Always Look on the Bright Side of Cyber-War

Like the kinetic type of war, I suppose cyber-war can usually do no more than buy time for other factors to take hold rather than provide the victory itself. And while the threshold of deciding to wage cyber-war is surely lower than shooting war, you have to admit that the advantage is that there is no shooting.

Israel is waging cyber-war with Iran right now:

Israel is apparently involved in a Cyber War with Iran, one that receives little official publicity. Not even all the damage is publicized, as a lot of the damage is undetected (often for a long time) by the victim. While Iran has made the most noise about this Cyber War, Israel is doing the most destruction. Israel wants to keep it that way, and keep it quiet.

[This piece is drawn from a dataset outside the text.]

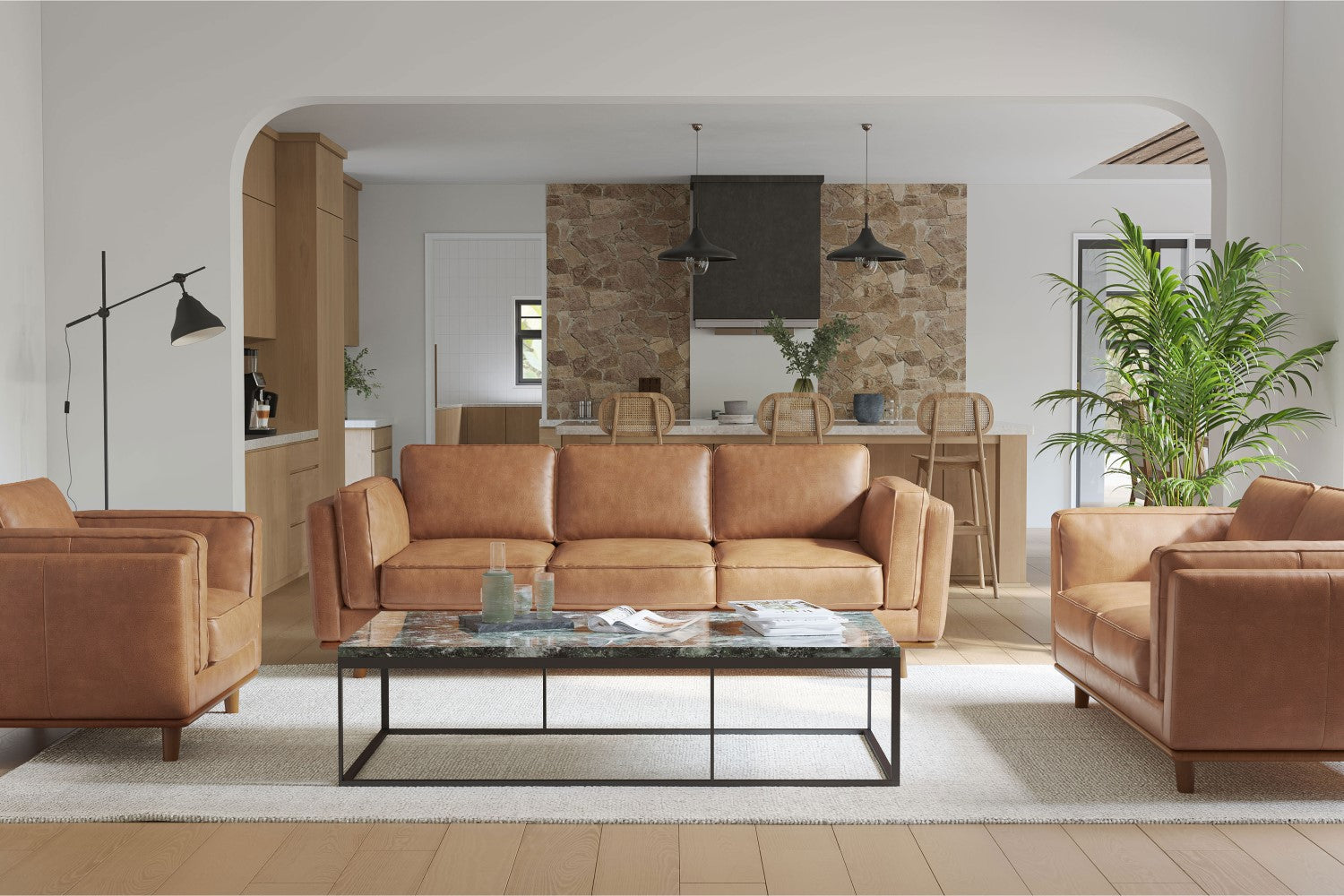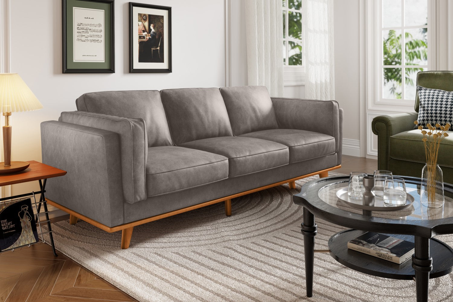 Experimente la fusión perfecta del diseño moderno con nuestra Colección de Cuero Artisan. El sofá de Cuero Artisan con base de Madera de Aliso complementa a la perfección cualquier espacio gracias a su diseño de primera calidad. Su estética minimalista moderna trasciende las tendencias, creando un estilo atemporal que se vuelve aún más cautivador con el tiempo. Su rico color, complementado con las patas de Madera de Aliso, atraerá la atención de cualquiera que contemple su belleza y se siente en sus exquisitos cojines de espuma de alta resiliencia. Convierta su hogar en una obra maestra atemporal con el Sofá de Cuero Artisan.

Given the stated importance to Israel of preventing Iran from going nuclear, I think that the ability to wage war in cyber-space may have prevented an actual shooting war in physical space. If the cyber-option wasn't available, would Israel have used the bombing option by now?

I know people like to say Israel couldn't do it, but that is wrong. They couldn't do nearly as good a job as we could, and they just aren't confident that they could succeed. But if they think they have no choice but to try a bombing attack or to see if they can live with Iranian nukes, Israel will bomb Iran.

Cyber-war is surely better than shooting war. Until it isn't, of course.